SARS-CoV-2 was first identified in late 2019, and is believed to be a unique virus that had not previously existed. The first diagnostic test for SARS-CoV-2 used a real-time reverse transcription-PCR (rRT-PCR) assay that employed probes and primers of the SARS-CoV-2 E, N and nsp12 (RNA-dependent RNA polymerase; RdRp) genes (the “SARS-CoV-2-RdRp-P2” assay) (Corman, V. M. et al. (2020) “Detection Of 2019 Novel Coronavirus (2019-nCoV) By Real-Time RT-PCR,” Eurosurveill. 25(3):2000045; Spiteri, G. et al. (2020) “First Cases Of Coronavirus Disease 2019 (COVID-19) In The WHO European Region, 24 Jan. to 21 Feb. 2020,” Eurosurveill. 25(9) doi: 10.2807/1560-7917.ES.2020.25.9.2000178).

The probes employed in such assays were “TaqMan” oligonucleotide probes that were labeled with a fluorophore on the oligonucleotide's 5′ terminus and complexed with a quencher on the oligonucleotide's 3′ terminus. The “TaqMan” probe principle relies on the 5″→3″ exonuclease activity of Taq polymerase (Peake, I. (1989) “The Polymerase Chain Reaction,” J. Clin. Pathol.; 42(7):673-676) to cleave the dual-labeled probe when it has hybridized to a complementary target sequence. The cleavage of the molecule separates the fluorophore from the quencher and thus leads to the production of a detectable fluorescent signal.
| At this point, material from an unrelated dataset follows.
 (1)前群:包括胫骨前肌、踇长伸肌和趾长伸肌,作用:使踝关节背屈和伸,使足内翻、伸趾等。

In the SARS-CoV-2-RdRp-P2 assay of Corman, V. M. et al. (2020), the RdRp Probe 2 and the probes of the E and N genes are described as being specific for SARS-CoV-2, whereas the RdRp Probe 2 is described as being a “PanSarbeco-Probe” that detects SARS-CoV and bat-SARS-related coronaviruses in addition to SARS-CoV-2. The assay is stated to have provided its best results using the E gene and nsp12 (RdRp) gene primers and probes (5.2 and 3.8 copies per 25 μL reaction at 95% detection probability, respectively). The resulting limit of detection (LoD) from replicate tests was 3.9 copies per 25 μL reaction (156 copies/mL) for the E gene assay and 3.6 copies per 25 μL reaction (144 copies/mL) for the nsp12 (RdRp) assay. The assay was reported to be specific for SARS-CoV-2 and to require less than 60 minutes to complete.

The US Center for Disease Control and Prevention (CDC) developed an rRT-PCR based assay protocol that targeted the SARS-CoV-2 N gene (Won, J. et al. (2020) “Development Of A Laboratory-Safe And Low-Cost Detection Protocol For SARS-CoV-2 Of The Coronavirus Disease 2019 (COVID-19),” Exp. Neurobiol. 29(2) doi: 10.5607/en20009).
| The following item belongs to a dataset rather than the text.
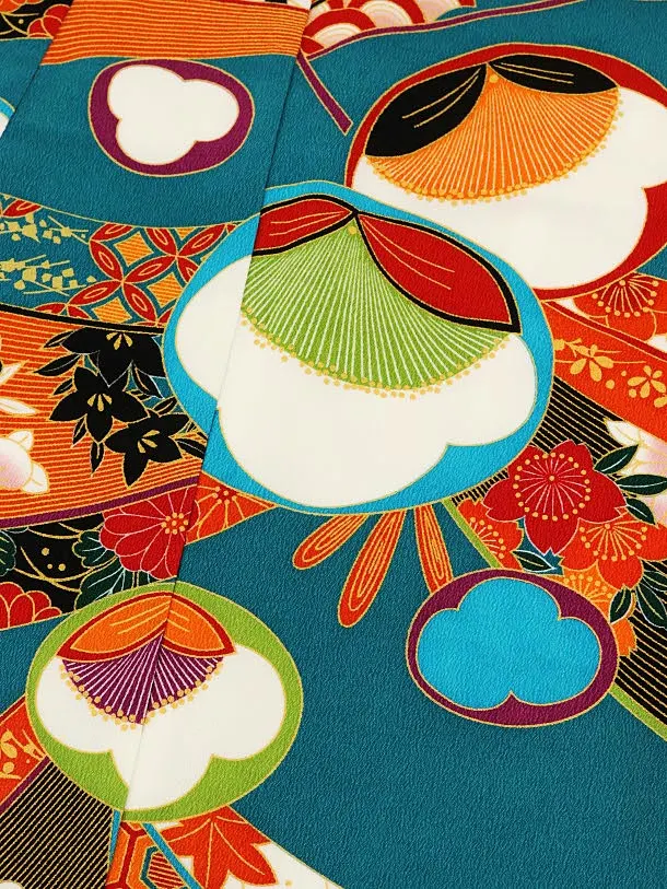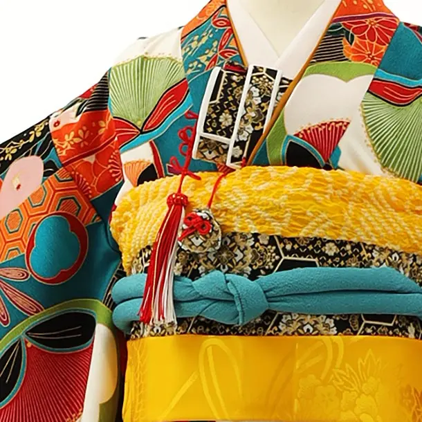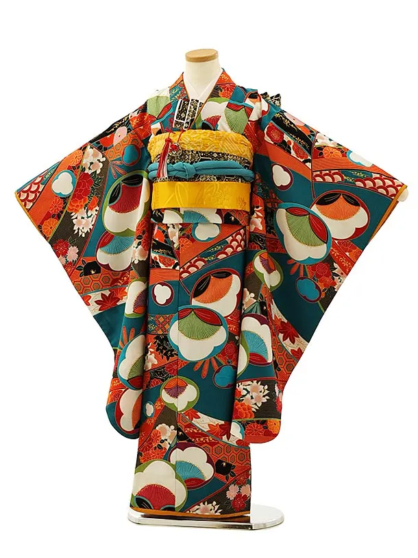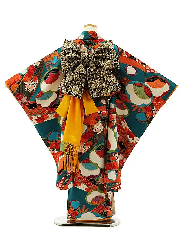 七五三レンタル(7歳結び帯)Y021 ターコイズ 熨斗に梅

Pfefferle, S. et al. (2020) (“Evaluation Of A Quantitative RT-PCR Assay For The Detection Of The Emerging Coronavirus SARS-CoV-2 Using A High Throughput System,” Eurosurveill. 25(9) doi: 10.2807/1560-7917.ES.2020.25.9.2000152) discloses the use of a custom-made primer/probe set targeting the E gene. The employed primers were modified with 2′-O-methyl bases in their penultimate base to prevent formation of primer dimers. ZEN double-quenched probe (IDT) were used to lower background fluorescence. The LoD was 689.3 copies/mL with 275.72 copies per reaction at 95% detection probability. The assay was reported to be specific for SARS-CoV-2 and to require less than 60 minutes.
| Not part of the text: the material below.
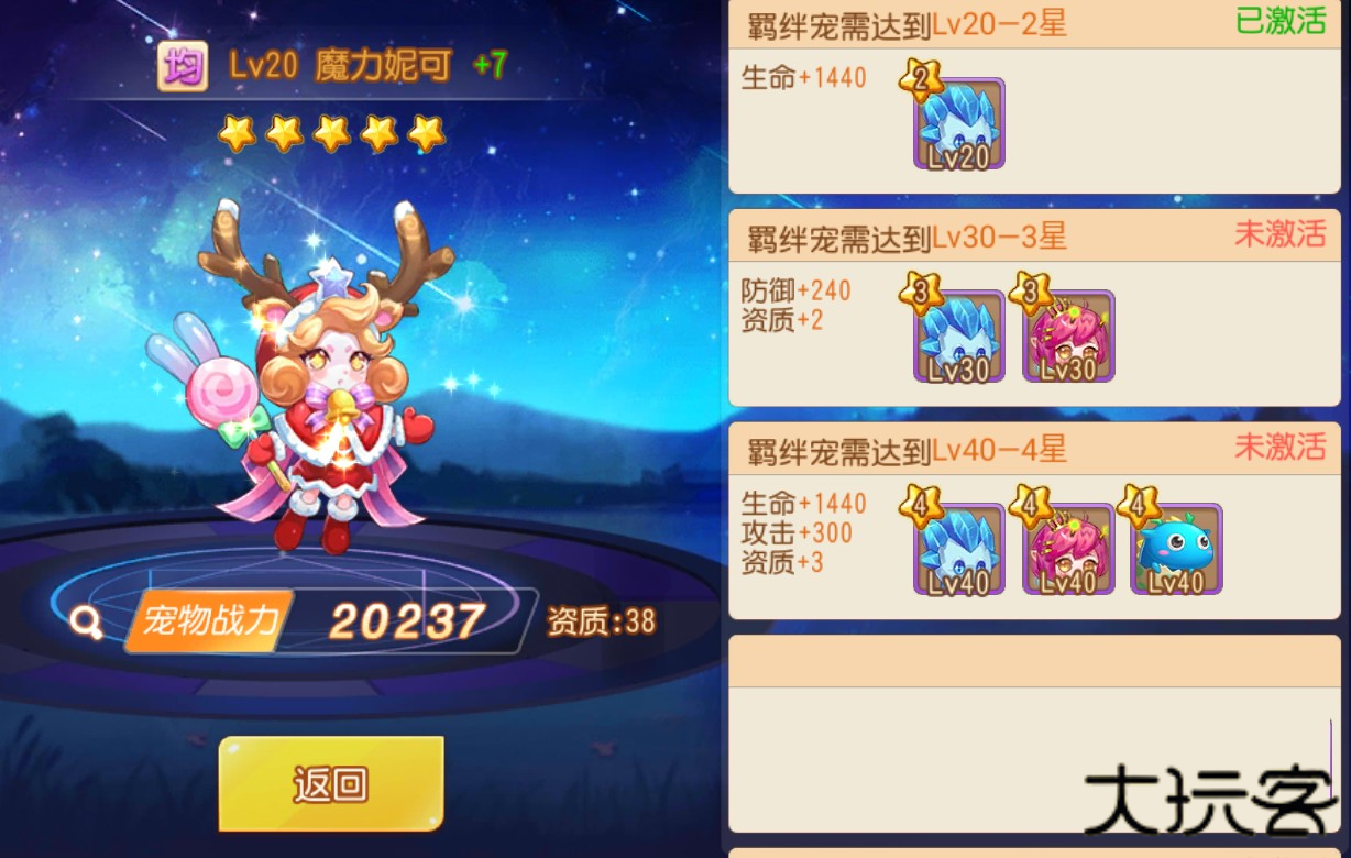 宠物星数可以在宠物达到特定等级后,吞噬相同的宠物进行提升,每提升一个星数,相对应的属性也会提升,并且在技能栏位也会增加,星数是宠物战力最重要的部分哦。

Chan, J. F. et al. (2020) (“Improved Molecular Diagnosis Of COVID-19 By The Novel, Highly Sensitive And Specific COVID-19-RdRp/Hel Real-Time Reverse Transcription-Polymerase Chain Reaction Assay Validated In Vitro And With Clinical Specimens,” J. Clin. Microbiol. JCM.00310-20. doi: 10.1128/JCM.00310-20) explored the use of conserved and/or abundantly expressed SARS-CoV-2 genes as preferred targets of coronavirus RT-PCR assays. Such genes include the structural S and N genes, and the non-structural RdRp gene and ORF1ab. Chan, J. F. et al. (2020) describes the development of three real-time reverse transcriptase PCR (rRT-PCR) assays targeting the RNA-dependent RNA polymerase (RdRp)/helicase (Hel), spike (S), and nucleocapsid (N) genes of SARS-CoV-2 and compares such assays to the RdRp-P2 assay of Corman, V. M. et al. The LoD of the SARS-CoV-2-RdRp/Hel assay, the SARS-CoV-2-S assay, and the SARS-CoV-2-N assay was 1.8 TCID50/ml, while the LoD of the SARS-CoV-2-RdRp-P2 assay was 18 TCID50/ml. The TCID50 is the median tissue culture infectious dose.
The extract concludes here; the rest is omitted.